Спустя часъ, онъ отправился по тому же адресу, куда послалъ букетъ съ запиской. Этотъ домъ нѣкогда былъ блестящимъ жилищемъ иностраннаго посланника, а теперь въ немъ содержала меблированныя комнаты жена одного министерскаго чиновника, служившаго около сорока лѣтъ и, по своимъ практическимъ и административнымъ знаніямъ, бывшаго душею всего учрежденія, что не мѣшало ему получать самое маленькое жалованье. Эти меблированныя комнаты пользовались замѣчательной репутаціей, и во главѣ жильцовъ мистера Фанера была красивая, черноокая дама, пользовавшаяся мѣстной славой знаменитой кокетки. Однако, ея общественное положеніе нисколько тѣмъ не было поколеблено, благодаря ея добродушному мужу, который смотрѣлъ снисходительно даже сочувственно на веселую жизнь жены и, въ извѣстной степени, безмолвно одобрялъ ея поведеніе. Никто не обращалъ никакого вниманія на Гопкинсона; его совершенно стушевывала блестящая, лучезарная фигура мистрисъ Гопкинсонъ. Нѣкоторыя замужнія женщины, съ слишкомъ щекотливыми мужьями, и нѣсколько старыхъ дѣвъ строго судили о ней. Молодые люди, конечно, восхищались ею, но, я полагаю, что главную ея поддержку составлялъ нашъ братъ: пожилые, самодовольные, философскіе отцы семействъ, такъ какъ мы не очень разборчивы на счетъ нравственныхъ качествъ прекраснаго пола, весело смѣемся надъ тѣмъ, что наши дочери и жены считаютъ преступнымъ и вообще даемъ право гражданства легкомысленнымъ женщинамъ. Но возвратимся къ Гопкинсону, хотя о немъ нечего много говорить. Онъ находился всегда въ прекрасномъ настроеніи и даже однажды, выслушавъ совѣтъ нѣсколькихъ дамъ построже относиться къ поведенію жены, отвѣчалъ, что приметъ надлежащія мѣры. Мало того, его добродушіе не знало границъ, и когда молодой Де-Ланси жаловался ему на предпочтеніе, оказываемое мистрисъ Гопкинсонъ его сопернику, онъ очень сочувственно отнесся къ ревности юноши и обѣщалъ поговорить съ женою въ его пользу. "Если же мнѣ не удастся, прибавилъ онъ:-- то я скажу два слова Гашвиллеру. Онъ имѣетъ на нее большое вліяніе. Не отчаивайтесь, дѣло етце уладится".
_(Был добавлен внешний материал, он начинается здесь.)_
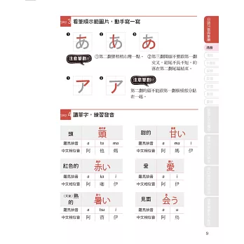 ★ 除了一般常見的清音之外,也包括濁音、半濁音、拗音、長音、促音、撥音等多種日語字母介紹。

Букеты на столѣ мистрисъ Гопкинсонъ были не рѣдкость и, однако, букета мистера Гашвиллера не было видно. Его уродливая форма и безобразное сочетаніе цвѣтовъ оскорбили ея изящный вкусъ, который всегда сохраняется долѣе всѣхъ другихъ женскихъ добродѣтелей. Но все-таки, увидавъ Гашвиллера, она промолвила въ полголоса:

-- Я очень рада имъ видѣть. Вы меня такъ перепугали часъ тому назадъ.

-- Чѣмъ я провинился, милая мистрисъ Гопкинсонъ? спросилъ Гашвиллеръ съ удивленіемъ.

-- Не говорите, перебила его грустно красавица: -- чѣмъ вы провинились? А букетомъ. Онъ такъ великолѣпенъ и цвѣты подобраны съ такимъ вкусомъ, что нельзя было усумимться, отъ кого онъ. А вы знаете, какъ мой мужъ ревнивъ. Я должна была спрятать отъ него букетъ. Обѣщайте мнѣ, что вы никогда, никогда этого болѣе не сдѣлаете.

Гашвиллеръ любезно протестовалъ.

-- Я говорю серьёзно. Мужъ, вѣроятно, замѣтилъ, какъ я была взволнована, какъ покраснѣла.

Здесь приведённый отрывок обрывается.